Vendor copy is usually vague. Some COAs I've seen specify the fragment. Others just say 'TB-500' with no sequence listed. Should I be insisting on the full-length, or is the fragment the standard community product?

5 Replies

L
Joined 2026
14 posts
3/23/2026

You're almost certainly getting the fragment. 'TB-500' in community parlance has been the 17-23 fragment (LKKTETQ-style) for a decade. Full-length Tβ4 exists (marketed as Thymosin beta-4) and is way more expensive — different product, different price point.

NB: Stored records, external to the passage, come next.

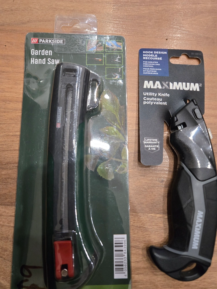 Offering a hand saw and utility knife. The saw features a foldable design. Both tools are new. Perfect for cutting some branches in your garden, or any other small task that needs to be done. both brandnew never used $14 for two items ,firm price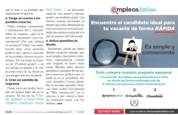 323-837-4050 o por e-mail a : info @ empleoslatino . com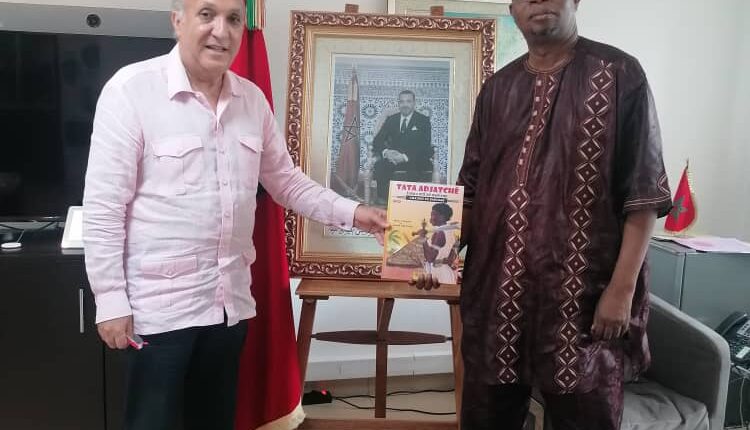 Son Excellence Rachid RGUIBI, ambassadeur du royaume chérifien du Maroc près le Bénin, a reçu la BD « Tata Adjatchè » des mains de son auteur Tiburce ADAGBE. Le doyen d’âge du corps diplomatique au Bénin a dit son bonheur de tenir en ses mains un ouvrage qui lui servira d’éclaireur dans la connaissance de la grande histoire des amazones du Danxomè. Il se dit d’autant plus heureux qu’il fut déjà un lecteur satisfait de l’essai politique Mémoire du chaudron, première entrée en librairie de l’auteur Tiburce ADAGBE.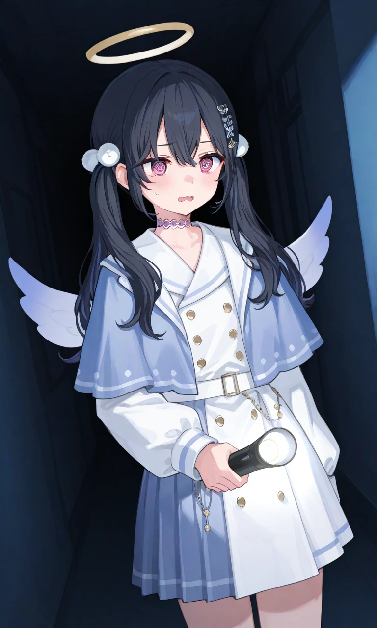 • capelet : blue capelet, white dress, double-breasted, long sleeves, mini wings, white belt, blue skirt, pleated skirt

If the vendor is charging fragment prices you're getting a fragment.

H
Joined 2025
212 posts
hexaclinicContributor
3/24/2026

Ask for a sequence on the COA. If they can't give you one, walk. 'TB-500' is a trade name, not a sequence specification. A real COA lists what's in the vial.

Q2 stack
  • CJC-1295 no DAC · 100 mcg · pre-bed · sub-Q
  • Ipamorelin · 200 mcg · pre-bed · sub-Q
  • BPC-157 · 500 mcg · 2x/day · sub-Q
S
Joined 2026
117 posts
3/24/2026

Most of the community data, such as it is, is on the fragment. So if you want your experience to map to the forum reports, fragment is what you want. Full-length Tβ4 is a more ambitious purchase with a different literature behind it.

N
Joined 2026
28 posts
3/25/2026

Clarifying, thanks. Going to ask the vendor for the sequence line on the COA before reordering.

F
Joined 2026
20 posts
4/26/2026

Yeah the fragment is standard for 'TB-500' but here's what nobody ever asks, did anyone actually run a proper comparison? Like baseline markers, same person, fragment one cycle then full-length the next with washout in between? Everyone just assumes the fragment is the active site and works, but I've never seen actual data showing it outperforms or matches full-length. Most reports are just anecdotal "felt good" which doesn't tell you much. If you're dropping money on it might be worth getting the COA sequence either way so you at least know what you're running.